Terrorist Financing Around the Globe
Iran Using Financial System to Fund Terror
For those who have been following the issue of terrorism financing for a while, this isn’t huge news: Iran has been illicitly accessing the US (and global) financial system to send money to terrorist proxies. The Financial Crimes Enforcement Network (FinCEN) - America’s financial intelligence unit - last week issued a new advisory to help financial institutions protect the financial system from abuse by terrorists and encourage vigilance when reporting illicit financial activity.
The message from FinCEN is clear: The terrorists are out there, people! And they’re crawling around our banks, moving money, and funding operations around the globe.

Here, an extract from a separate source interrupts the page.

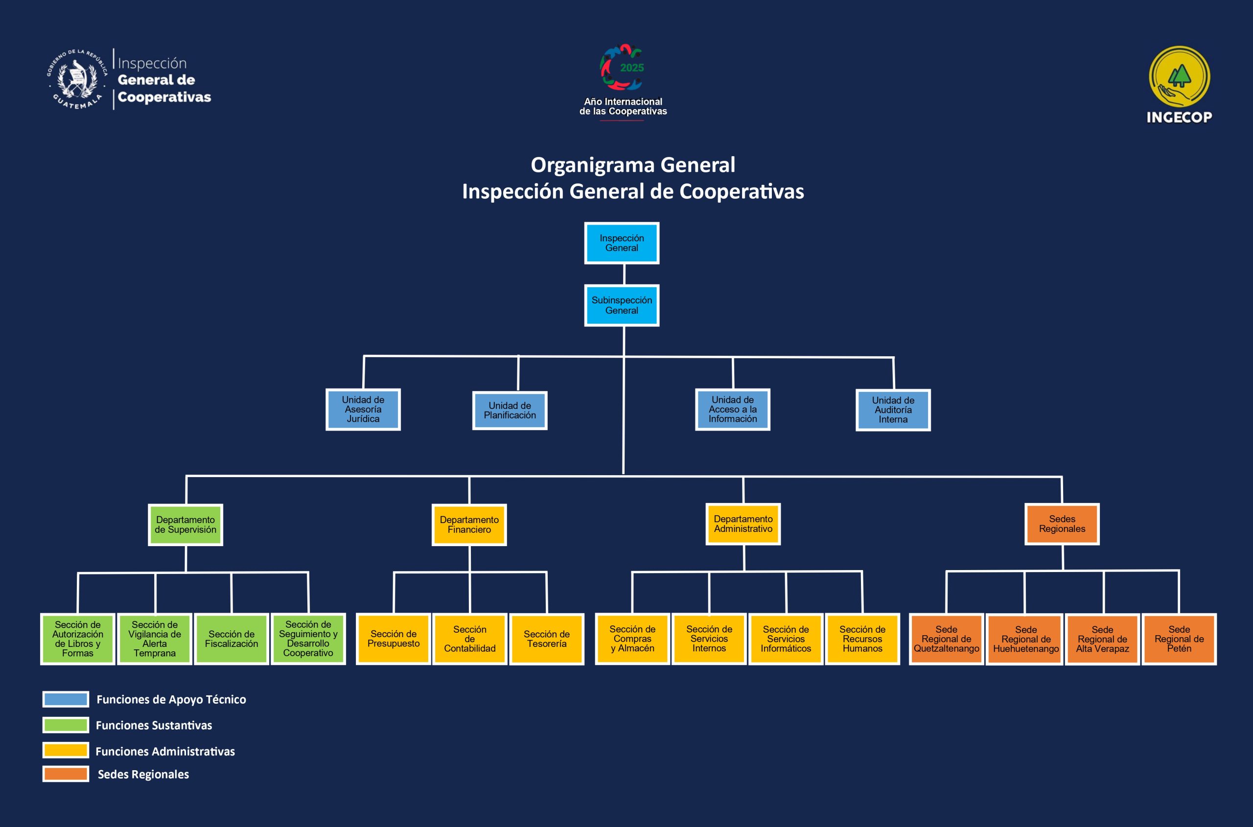 BASE LEGAL INGECOP DECRETO 82-78LEY GENERAL DE COOPERATIVAS ACUERDO GUBERNATIVO 07-79REGLAMENTO DE LA LEY GENERAL DE COOPERATIVAS ACUERDO INTERNO IGC-003-2024 REGLAMENTO ORGÁNICO INTERNO DE INGECOP ACUERDO IGC-011-2024 ORGANIGRAMA INGECOP PACTO COLECTIVO DE CONDICIONES DE TRABAJO REGLAMENTO INTERNO DE PERSONAL ORGANIGRAMA GENERAL

This isn’t your normal advisory. With 17 pages and 107 footnotes, this thing is detailed, well cited, and informative. Most people who aren’t illicit finance nerds probably haven’t even heard of the Palestinian Islamic Jihad (PIJ) and have only recently become interested in HAMAS after the brutal terrorist attacks in Israel in October 2023. The advisory details Iran’s sources of revenue and the methods by which Tehran moves money to its proxies.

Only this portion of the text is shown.